The New Year is now a little over a week old and the inauguration of the 45th President of the United States is just around the corner. And while some are still dwelling on 2016 (we offered our post mortem at the end of the year), the time has come to look at what’s in store.
One of the key buzzwords, particularly if you’re looking for an issue that transcends party lines these days is “infrastructure” – an area where broad consensus on the need for significant overhaul exists. What is often overlooked, however, is that our infrastructure today comprises of far more than just bridges, roads, and tunnels. As our very own Daniel McGroarty outlines in a brand new piece for Investor’s Business Daily,
“[t]oday, our infrastructure extends to the national power grid — currently a patchwork of lines, nodes and often antique switching towers we rely on to move energy to where we need it — to the internet itself, which has a physicality we easily overlook in this Age of the Cloud and Wireless. These systems, marvels that they are, come closer to tin-can-and-string contraptions than the modern version we would build if we began the work today.

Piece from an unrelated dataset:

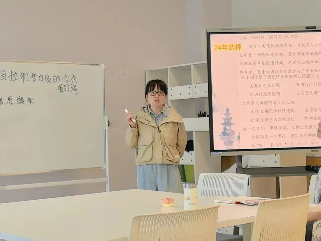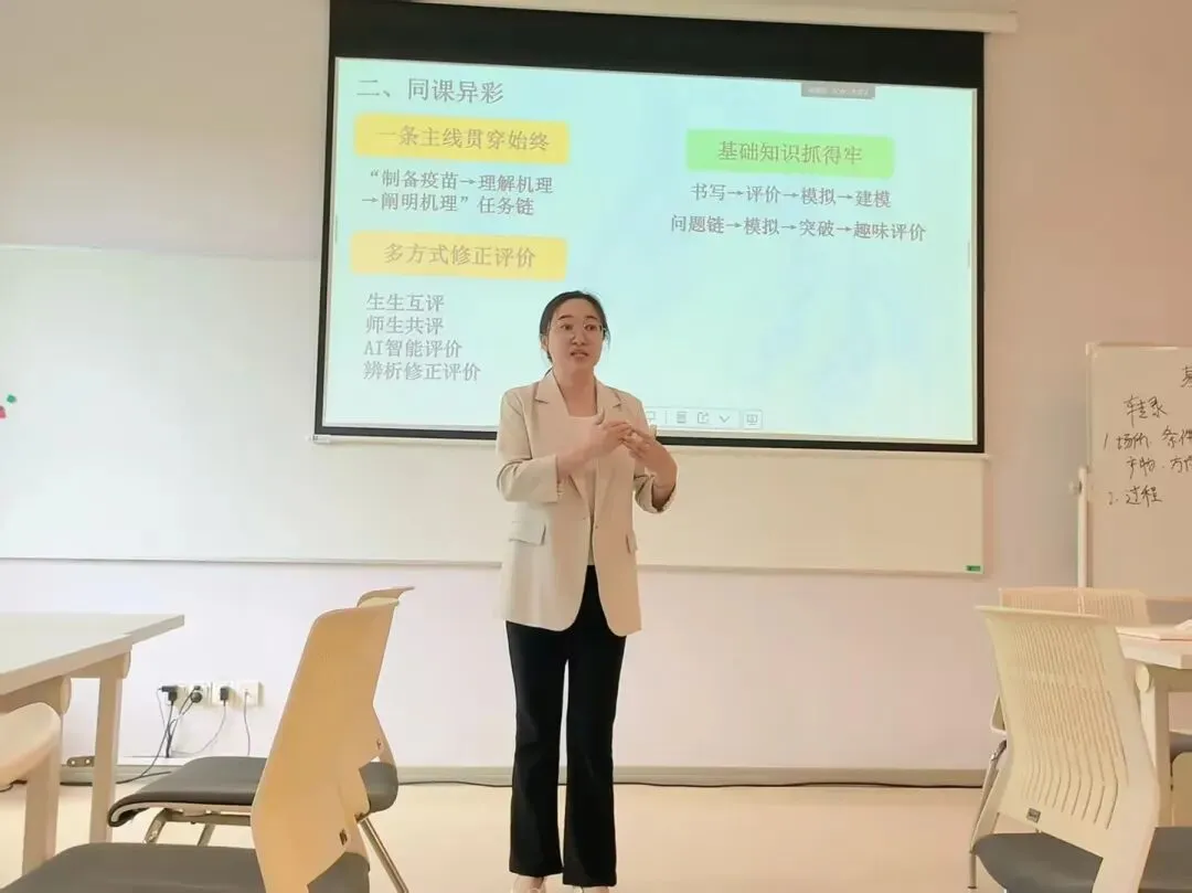 我校范小芳老师进行同课异构展示。范老师立足我校学情,设计精巧,将“AI赋能”完美融入教学模型构建中。通过“问题链设计-模拟探究-重难点突破-趣味评价”的层层递进,牢抓基础知识,充分展现了我校扎实创新的生物教学特色。

Threats against our infrastructure are as diverse as they are real, and dealing with them will require a comprehensive approach. Securing access to Copper, Graphite, Cobalt, Manganese, and Rhenium may not be the first things that come to mind when we think critical infrastructure protection – but they, and many other tech metals and minerals, have to be on our shopping list if we’re serious about a 21st Century infrastructure that is competitive and can withstand threats from the outside and within.
As followers of ARPN are aware, we are subject to a significant degree of import-dependence for the above referenced materials, as well as for many others. With there being more to infrastructure than “cement trucks and Jersey Barriers”, it’s time for an approach conducive to unleashing our arguably vast domestic mineral potential.
“It means getting over the pernicious mindset that 2017 America lives in a postindustrial age, a time when Americans are all ‘symbolic analysts,’ tapping away at keyboards, creating wealth from ones-and-zeros, live-blogging streaming video and the like, no longer dependent of transforming real raw materials into things. That messy business has been off-shored to other places, happy to sell us what we need.”
This leaves us at the mercy of the rest of the world — and needlessly so. Concludes McGroarty:
“Word is that the new infrastructure bill will exceed $1 trillion. Shoring up our infrastructure — broadly understood — is essential, and not just for jobs and GDP, but for the stuff modern dreams are made of — everything from the gadgets we use to occupy our time to the high-performance materials that power the weapons platforms that keep us safe.
If we approach the Great Infrastructure Debate in this spirit, we could do even more than rebuild our roads, bridges and tunnels. We could build the foundation for a new American Century.”